Once a Runner
- Author: John L. Parker Jr.
- Publisher: Cedarwinds
- Publication date: 1978
- ISBN: 0-915-29701-9

= Once a Runner =

1978 novel by John L. Parker Jr.

Once a Runner is a novel by American author John L. Parker Jr. and was first published in 1978 by Cedarwinds (0915297019). In Once a Runner, Parker illustrates the hard work and dedication required of an elite runner. A reissue was released in 2009. The novel was followed by the sequel Again to Carthage in 2008 and the prequel Racing the Rain in 2015.

==Plot summary==

The novel opens with a physically fit young man standing on a track, watching as "the night joggers" toil around him. He begins to walk toward the starting post and thinks that now that the Olympic games are over for him, he does not know what he will do with his life. The man starts to walk around the track and thinks back to four years ago.

Quenton Cassidy is a collegiate runner at fictional Southeastern University based on the University of Florida. He is a mid-distance runner who specializes in the Mile. After writing a petition for the college's athletes protesting a dress and conduct code, Quenton is suspended from the university and prohibited from competing in the university's annual track meet. Cassidy drops out, moves to a cabin in the woods, and submits himself to a brutal training regimen. He is under the coaching of fictional gold medalist Olympian Bruce Denton, based on Jack Bacheler. His plan is to compete at the Southeastern Relays against the best miler in the world, John Walton (obviously based on John Walker). Because he is barred from competing at the meet, Denton comes up with a plan to disguise him as a Finnish runner attending a nonexistent university in Ohio.

Cassidy, who has always dreamed of running a sub 4:00 mile, spends many months training for the race of his life, urged on by Denton, who is nearing the end of his running career due to injuries. After completing an agonizing interval workout of 60 quarter miles, Cassidy finally believes he is ready to face Walton. The night before the race, Cassidy performs a ritual of his to prepare himself for the meet—he walks a mile on the Southeastern track, putting all of his "demons" in a symbolic "orb" that will hold them in during the race and allow him to push through the pain.

The next day, Cassidy arrives disguised at the meet but spends more than an hour warming up on the cross-country course near the track. As the race draws nearer, Quenton fights to keep control of his adrenaline and anxiety, waiting until the race starts so he can unleash them. A large part of a chapter is devoted to the race itself, which comes down to a contest between Cassidy and Walton in the final lap. The novel describes the effect lactic acid has on Quenton as he fights to close in on Walton, who has a slight lead. Excruciatingly, Cassidy reels Walton in and outsprints him in the final straight to win the race in a time of 3:52.5.

After the race, the scene changes back to Cassidy standing at the Southeastern track, walking through the last lap of a mile. Quenton reflects upon his running career and realizes that while it is over for him, there is much to be left behind on the track.
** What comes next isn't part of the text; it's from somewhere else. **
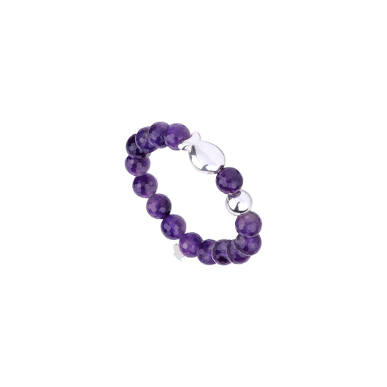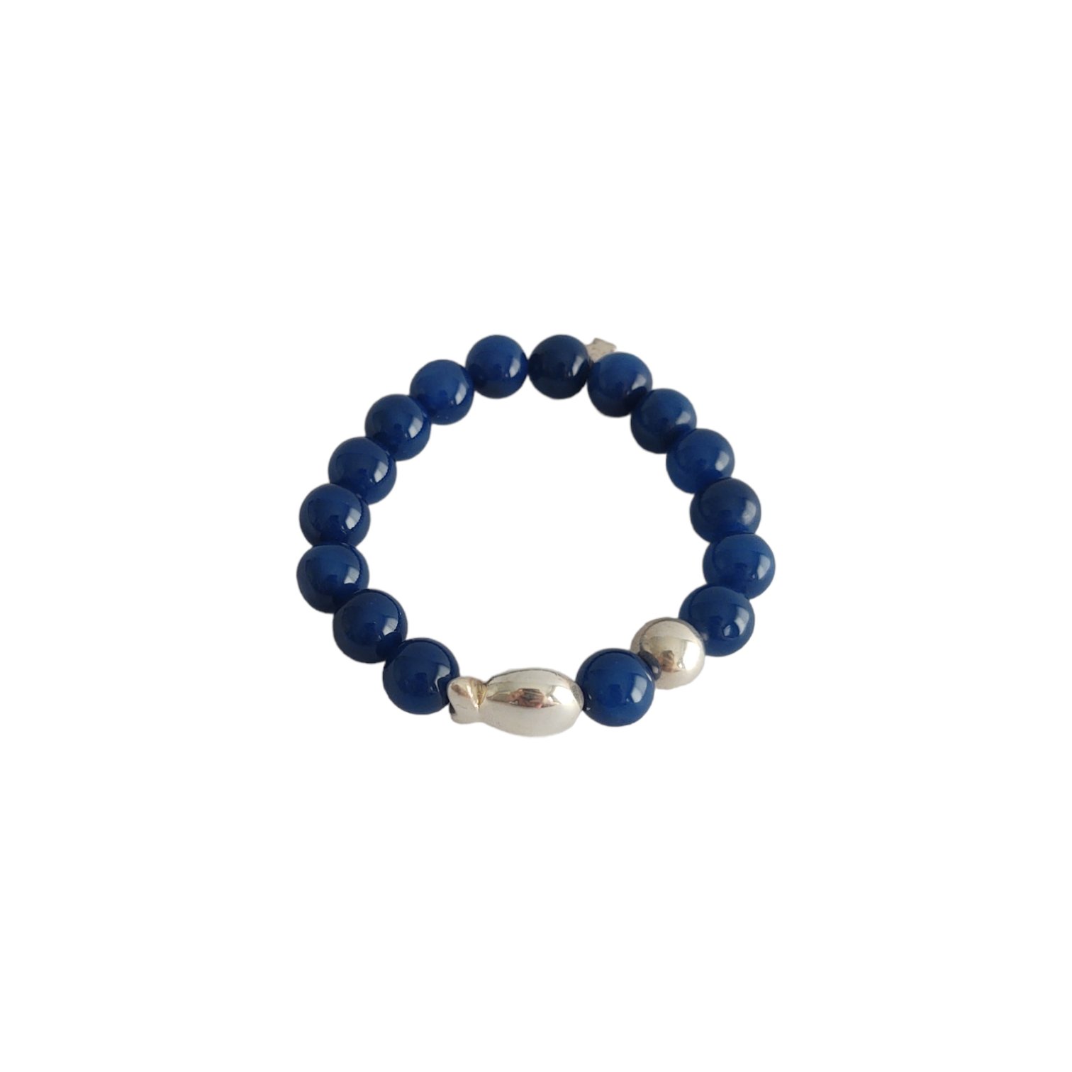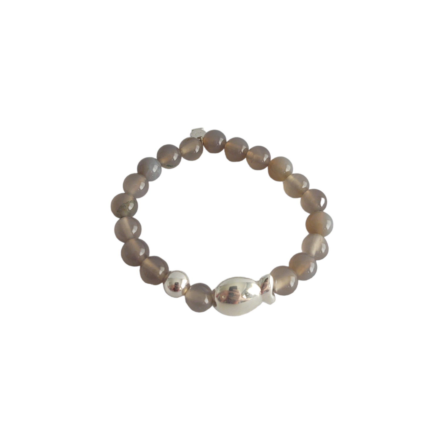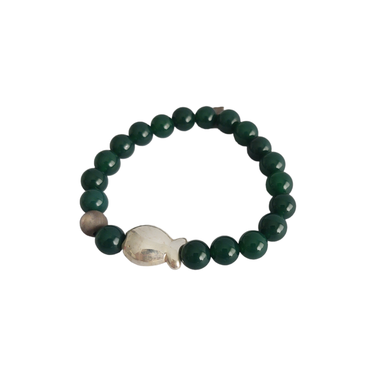 Semi precious stone elastic bracelet made with colored beads and solid silver details (one round bead and one fish shaped bead). 2.5 g silver Diameter bracelet: 5.5 cm (stretchable) Bead diameter: 6 mm or 8 mm or 10 mm or 12 mm or 14 mm

When he reaches the end of the lap, he reaches into his bag and pulls out a box with a silver Olympic medal inside. Cassidy thinks to himself that he can live with leaving behind his old life, and with a bittersweet feeling walks off into the night.

==Critical reception==
Once a Runner, while dismissed by some critics as a cult classic that generally appeals only to competitive runners, has received considerable critical praise from Sports Illustrated, Track & Field News, and Runner's World.

==Characters==

- Quenton Cassidy – The protagonist of the book, Cassidy is a collegiate runner whose dedication to the sport forces him to choose to drop out of school and run under the coaching of Bruce Denton (see below).
- Bruce Denton – A fictional Olympic champion runner who becomes Cassidy's friend and coach.
- Jerry Mizner – Cassidy's best friend and teammate.
- Andrea Cleland – Cassidy's girlfriend.
- Dick Doobey – The head football coach at Southeastern. He attempts to have Cassidy expelled from the school for disrupting loyalty among his athletes.
- John Walton – The world record holder for the mile, and the first person to run a time under 3 minutes and 50 seconds in the mile. His character is based on that of the famous miler John Walker. Cassidy's race against him is the novel's climactic moment.
- Mike Mobley – A very large thrower on the Southeastern Track and Field team. He is one of the team captains and greatly respects Cassidy.